Pour Israël, un enlèvement a une dimension stratégique, bien plus qu’un attentat aussi meurtrier soit-il. D’abord en raison des risques d’explosion sur d’autres fronts. Par ailleurs, l’apologie de la vie fait la force du peuple juif, mais aussi sa faiblesse que les ennemis d’Israël savent exploiter avec brio. Comme un guet-apens cauchemardesque, comme un piège kafkaïen. Katy Bisraor nous explique comment l’absurdité et les dilemmes de l’affaire Shalit, interpellent de nouveau Israël.
D’abord pardon pour le cynisme. Mais chacun sait très bien, que si jeudi soir, trois jeunes israéliens faisant de l’auto-stop avaient été victimes d’un attentat et tués ignoblement, Israël aurait été certes plongé dans le deuil. Les journaux, barrés de noir, auraient écrit de longs articles douloureux sur trois destins brisés. Les relations israélo-palestiniennes se seraient encore un peu plus crispées. Tsahal aurait mené des opérations de représailles contre les nids de la terreur islamique à Hébron, fief du radicalisme salafiste. L’armée de l’air aurait effectué des raids contre Gaza. Le sud d’Israël aurait essuyé quelques dizaines de tirs de roquettes. Puis au bout de quelques jours, l’attentat odieux aurait disparu dans la routine monstrueuse du deuil et des infamies qui accompagnent Israël depuis sa création.
UNE AFFAIRE
POTENTIELLEMENT EXPLOSIVE
Tout différent est l’évènement auquel Israël fait face depuis quelques jours. L’enlèvement des trois jeunes israéliens a une portée à dimension stratégique. Une crise majeure, dont les conséquences pourraient être multiples et complexes sur les équilibres de la région. En juillet 2006, la seconde guerre du Liban a éclaté en réaction à l’enlèvement par le Hizboulah des deux soldats israéliens Goldvasser et Reguev. ”Nous sommes face à une affaire potentiellement explosive” (dimanche 15 juin).
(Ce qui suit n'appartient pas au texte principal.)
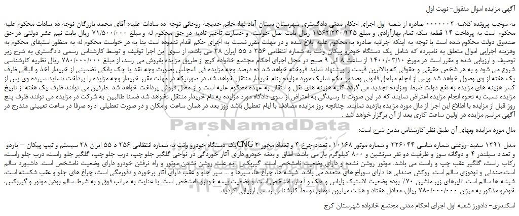 به موجب پرونده کلاسه 0000003 صادره از شعبه اول اجرای احکام مدنی دادگستری شهرستان بستان آباد لها: خانم خدیجه روحانی نوجه ده سادات علیه: آقای محمد بازرگان نوجه ده سادات محکوم علیه محکوم است به پرداخت 14 قطعه سکه تمام بهارآزادی و مبلغ 1/562/240/345 ریال بابت اصل خواسته و خسارت تاخیر تادیه در حق محکوم له و مبلغ 71/500/000 ریال بابت نیم عشر دولتی در حق صندوق دولت محکوم شده است با توجه به اینکه اجرائیه صادره به محکوم علیه ابلاغ شده و در مهلت مقرر نسبت به اجرای حکم اقدام ننموده است بنا به در خواست محکوم له به منظور استیفای محکوم به وهزینه اجرایی اموال متعلق به نامبرده که شامل یک دستگاه خودرو پیکان وانت به شماره انتظامی 356 د 55 ایران 38 می باشد، از سوی این اجرا توقیف و توسط کارشناس رسمی دادگستری به شرح زیر توصیف و ارزیابی شده و مقرر است در مورخ 1400/03/10 از ساعت 8 الی 9 صبح در محل اجرای احکام مجتمع خانواده کرج از طریق مزایده بفروش می رسد، از مبلغ 780/000/000 ریال نظریه کارشناسی شروع می شود و به هر شخص حقیقی و حقوقی که بالاترین قیمت را پیشنهاد نماید فروخته خواهد شد ده درصد وجه مزایده فی المجلس بصورت وجه نقد یا چک بانکی تضمینی از خریدار اخذ و الباقی ظرف یک هفته از وی وصول خواهد شد وپس از انجام مراحل قانونی وصدور حکم تملیک مورد مزایده بنام خریدار منتقل خواهد شد در صورتیکه در مهلت مقرر خریدار وجه مزایده را پرداخت ننماید سپرده وی پس از کسر هزینه های مزایده به نفع دولت ضبط ومزایده تجدید می گردد کلیه هزینه های نقل و انتقال به عهده محکوم علیه است و از محل فروش پرداخت خواهد شد .طرفین می توانند ظرف یک هفته از تاریخ مزایده نسبت به نحوه انجام مزایده اعتراض نمایند که در این صورت تا رسیدگی به اعتراض از سوی دادگاه مورد مزایده به نام خریدار منتقل نخواهد شد ضمنا طالبین به شرکت در مزایده می توانند ظرف پنج روز قبل از مزایده با اطلاع این اجرا از مال مورد مزایده بازدید نمایند. چنانچه روز مزایده مصادف با ایام تعطیل باشد روز بعد در همان ساعت و مکان و در صورت تعطیلی اداره صرفا در ساعت تعیینی مندرج در آگهی مراسم مزایده در اولین ساعت کاری بعد از آن برگزار خواهد شد .
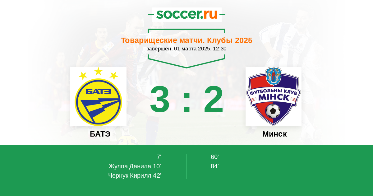 Протокол матча БАТЭ против Минск
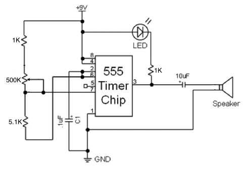 Esta demostración ilustra el conducir un altavoz con un chip 555 en modo oscilador.
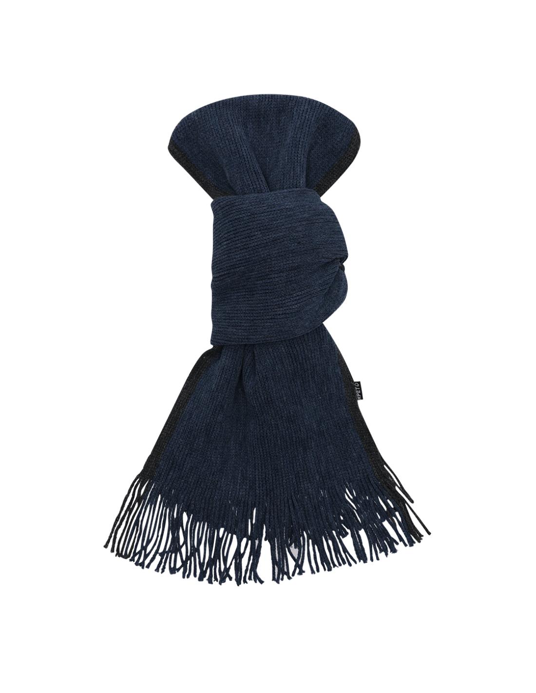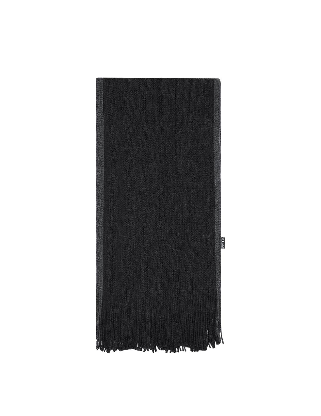 Suave y cálida bufanda confeccionada en cálido poliéster RPET. Fabricada en elegantes colores bitono con bordes en distinto color, terminación en flecos. Con logotipo RPET en etiqueta. Presentada individualmente en caja negra. El material RPET se elabora a partir de plástico reciclado, para así fomentar la reutilización de residuos plásticos y ayudar a la sostenibilidad del planeta.
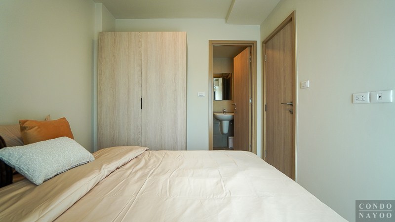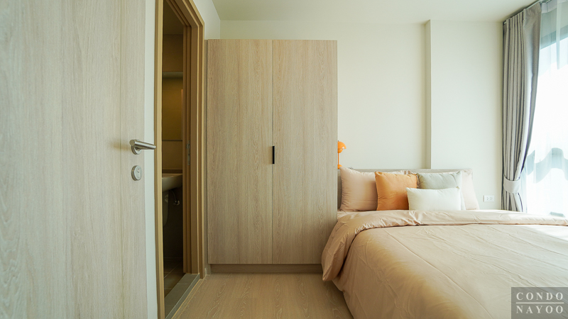 ห้องนอนใหญ่วาง Layout มาเป็นห้องหน้ากว้าง พร้อมฟังก์ชันห้องน้ำในตัวทำให้ใช้งานได้สะดวกสบายตลอด 24 ชม.
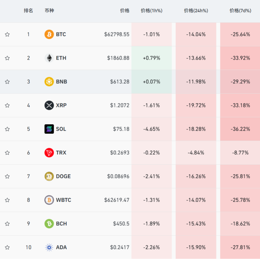 过去24小时,主流加密货币集体暴跌,比特币、以太坊、狗狗币、艾达币等跌幅均超10%。
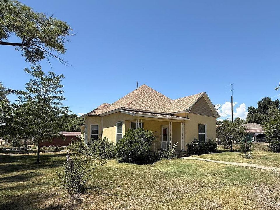 Affordable and move-in ready! This charming 2-bedroom home is just blocks from Crowley County Schools and Conestoga Park, and ideally located only an hour from Pueblo. Bright and airy throughout, with large windows that fill every room with natural light—including a beautiful bow window in the dining room that adds timeless elegance. Additional features include a spacious living room, pellet stove for efficient heating, a bonus mud room, and a desirable corner lot. Outside, you'll find an expansive yard with lush grass, mature trees, vibrant flowers, and plenty of room for a garden. Don't miss your chance to own this affordable, inviting home!
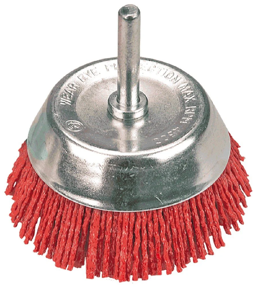 Slipmaterial inuti borstens nylontrådar möjliggör effektiv, men ändå skonsam borttagning av smuts, färgbeläggningar och rost.
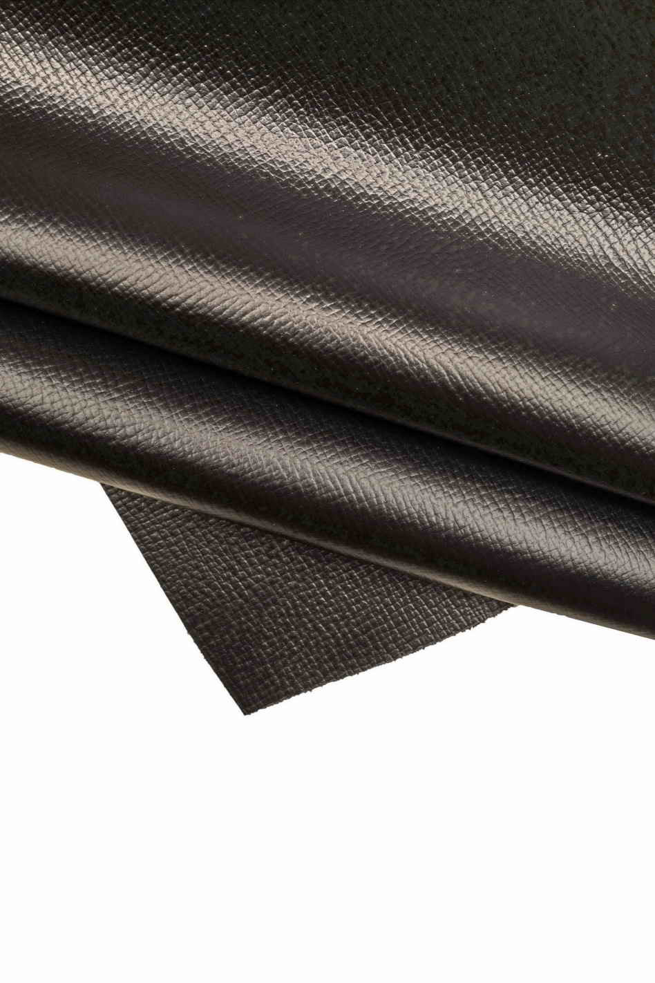 Black PEBBLE grain printed cowhide, saffiano-like embossed leather hide, glossy calfskin, 1.5-1.7 mm
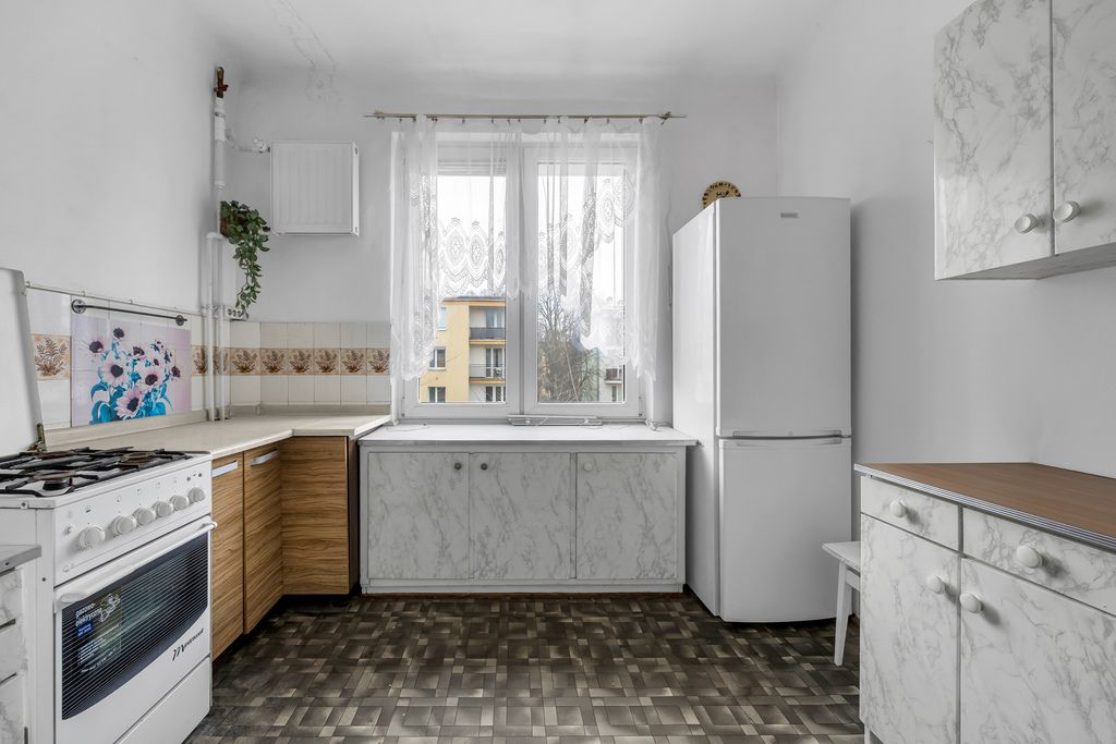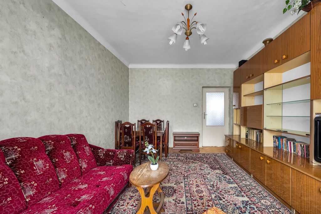 Nieruchomość jest w stanie do remontu, co pozwala nowemu nabywcy na aranżację według własnych potrzeb i uznania. Po przeniesieniu kuchni do salonu, istnieje możliwość uzyskania 3 pokoju.

Benny Gantz, le chef d’Etat-major sait de quoi il parle. Cet enlèvement peut déboucher sur une dégradation sécuritaire sur les autres fronts. C’est d’ailleurs pour cela, qu’après l’enlèvement de Shalit, discrètement, les soldats des unités d’élite avaient suivi une formation sur ”la mort, préférable à la captivité…”
Le choix du kidnapping par les organisations terroristes palestiniennes n’est pas un hasard. Pour eux, l’enlèvement est l’arme terroriste la plus attractive. Bien plus qu’un attentat aussi meurtrier soit-il. Selon les données révélées dimanche dernier par le porte-parole de Tsahal, 49 tentatives d’enlèvements (!) ont été déjoués par les forces de sécurité israéliennes depuis quelques mois.
Attractifs pour deux raisons. D’abord parce que le rapt d’un israélien est de leur point de vue, synonyme de libération de prisonniers et donc de soutien de la rue palestinienne au Hamas. Actions, très populaires auprès du public palestinien, au sein duquel rares sont les familles qui n’ont pas un proche ou un ami dans une prison israélienne. Les palestiniens savent très bien qu’au-delà du non catégorique d’Avigdor Libermann à un nouvel accord d’échange, les précédents prouvent exactement le contraire.
UN GUET-APENS
CAUCHEMARDESQUE
L’arme du kidnapping est aussi attractive car les palestiniens connaissent la psychologie du peuple juif. Nous sommes loin ici de la manière dont la presse américaine ou française traite l’enlèvement d’un de leurs concitoyens. La couverture est ici émotionnelle, passionnel, presque obsessive. Lorsque trois jeunes sont en danger, tout Israël, et la Diaspora, se mobilise, prie, pleure et espère. En quelques heures, Gil-Ad Shaer, Naftali Frankel et Eyal Ifrah sont devenus les enfants, les frères, les amis de chaque israélien. La puissance de l’union, du tous pour un, l’apologie de la vie fait la force du peuple juif, mais aussi sa faiblesse que les ennemis d’Israël savent exploiter avec brio. Comme un guet-apens cauchemardesque, comme un piège kafkaïen. Ces terroristes disent à Benjamin Netanyaou, à chaque officier, à chaque député, à chaque citoyen: nous les avons kidnappés, leur vie dépend maintenant de vous et de vous seuls.
Cette rhétorique omniprésente a accompagné le quotidien d’Israël pendant les cinq ans de captivité de Guilad Shalit. Aujourd’hui, l’absurdité de ces dilemmes, peut être inévitable dans le contexte géo-politique, interpelle de nouveau Israël.